As a kid, I loved stories and dreamed of being an author. Now I’m an adult, my dream has come true. But do you have to wait that long for a publisher to choose to make your book? Can kids get their stories turned into books?

Last month Penguin Random House signed up 13-year-old slam poet Solli Raphael’s first book, Limelight. Awesome! But are stories like Solli’s rare?

I talked to some Aussie publishers last year for Crinkling News about whether kids can get publishing contracts for their stories… This is what they said:

The write stuff

Lisa Riley, publisher with Penguin Random House Australia, says it’s rare for a primary school kid to get a publishing deal. “More often it’s the odd 15- to 17-year-old who’d written a [Young Adult novel] that might get published,” she says.

Story comes first

Cate Sutherland, publisher with WA’s Fremantle Press, says age doesn’t matter. “We often have no idea how old an author is when we first read their work,” she says. The most important thing, she says, is the story.

Linsay Knight, publisher with Walker Books Australia, agrees. “The story has to come from deep within you,” she says. “You’ve got to want to tell it.”

Practice makes perfect

All three publishers recommend that young writers start by developing their craft. “Writing and drawing are like lots of things: the more you practise, the better you get,” says Ms Sutherland. “Write or draw as often as you can. It can take a long time to get where you want to go, so don’t give up. No one starts out an expert. And when you’re not creating, read!”

A mentor to guide you

Many publishers recommend entering kids’ writing or illustration competitions. Ms Knight says: “You need to bring your work to the attention of adults.” She also says young creators need to have the support of a mentor—someone who can help and guide you along the way.

Case study: Josh Button’s success story

Josh Button, WA, was ten when he wrote his first book, Joshua and the Two Crabs. It was published by Magabala Books in 2008, when he was 13. The story is about Josh and his family, and he worked on it for three years with his teacher, Robyn Wells. “I was very happy and proud of this book,” says Josh. “I was kind of a celebrity when the book first come out.”

Josh’s publisher, Rachel Bin Salleh, says Magabala Books was thrilled to discover Josh’s work. “The story was both unique and bold…a beautiful interpretation of friendship and where you might find it,” she says.

Josh published his second book with Ms Wells, Steve goes to Carnival, last year. “The book is about a jazz-loving gorilla called Steve who lives in a zoo in Rio,” explains Josh.
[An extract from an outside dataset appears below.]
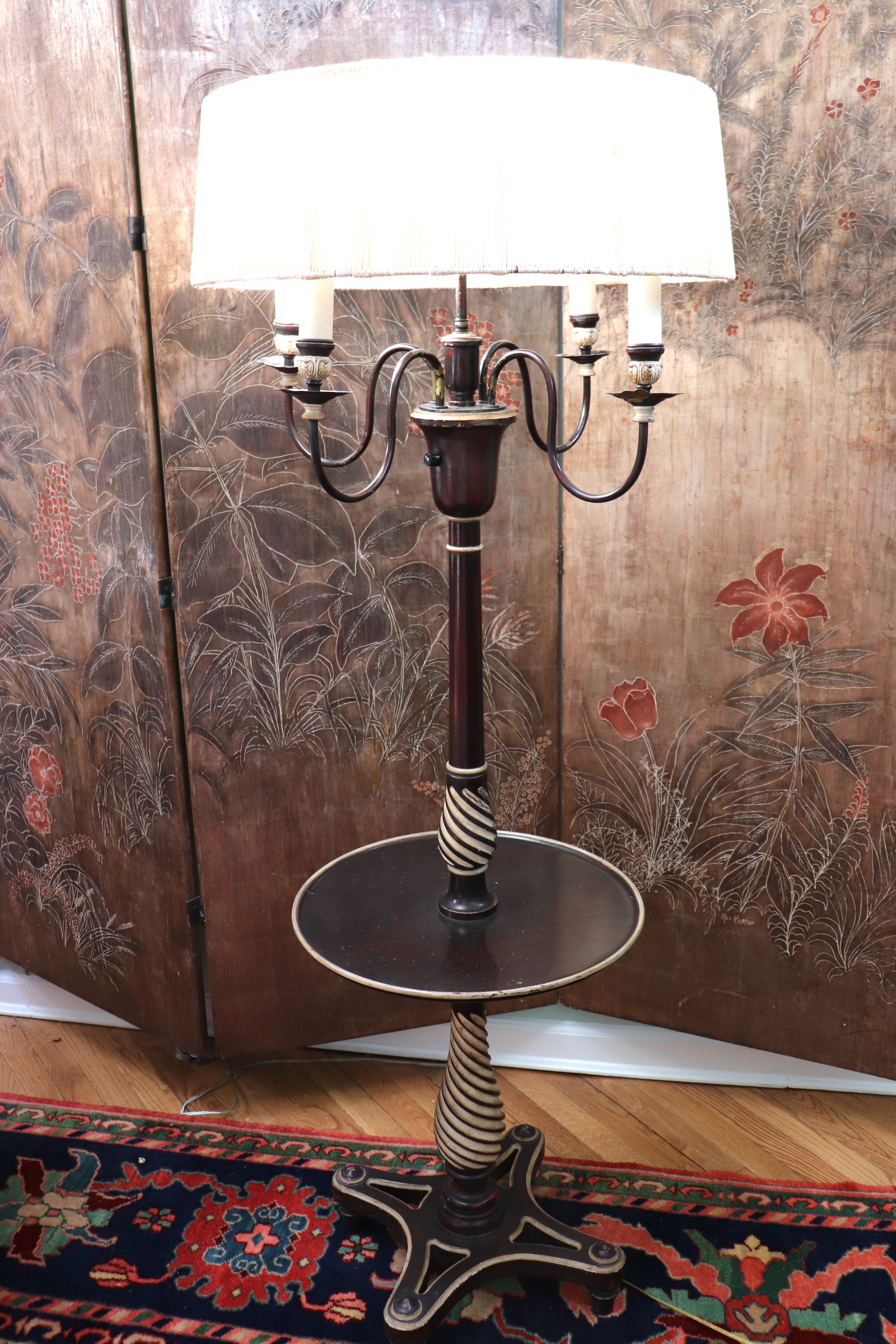 Lamp has 4 lights & lamp arms have chipping paint over original brass. Please see phot for further details. Shade Measures 21.5” Dia, Lamp is 64” T

This year, Josh and Ms Wells published a third book, called At the Zoo I See.

Josh’s advice to wannabe authors and illustrators? “Pick up a pen or paintbrush and just go for it. If you are stuck in the middle of the book, or need some help, just look for someone in your community or city who might be able to act as a mentor, just like Robyn did for me,” he says.
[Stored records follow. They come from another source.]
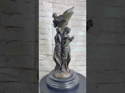 This exquisite vase featuring three nymphs is a captivating masterpiece that effortlessly commands attention in any setting. The nymphs, gracefully depicted with their long gowns spread around them, exude an aura of elegance and enchantment. Each nymph is intricately detailed, showcasing unique nuances in their attire and posture, creating a harmonious yet distinct composition that resembles blossoming flowers in motion. The addition of vines and flowers intertwining with the nymphs adds a whimsical and organic touch to the overall design.
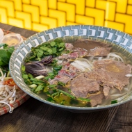 Place the noodles in a soup bowl, top with slices of meat, then add herbs and julienned green onions. Pour hot broth over everything and add both sauces.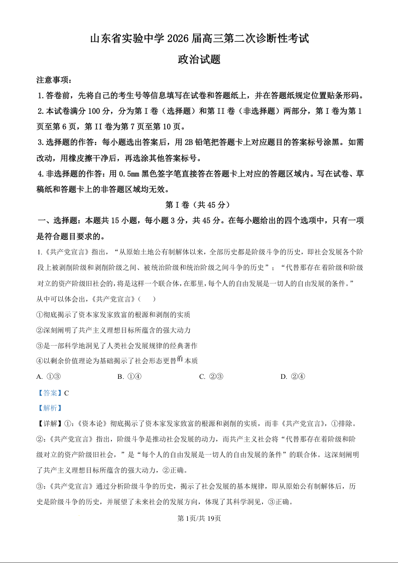 山东省实验中学2026届高三第二次诊断性考试 政治答案.docx

Kids getting published.jpg

This article first appeared in Crinkling News

Types of book publishing

  • Trade publishers make books for sale in book stores and to schools and libraries. They usually pay authors an up-front fee, called an advance, and a percentage of the money earned from selling copies of the book, called royalties. The publishers in this article are all trade publishers.
  • Educational publishers make books for use in schools.
  • Vanity publishers require authors to pay a fee to publish their books.
  • Self-publishing is where authors make and sell the book by themselves.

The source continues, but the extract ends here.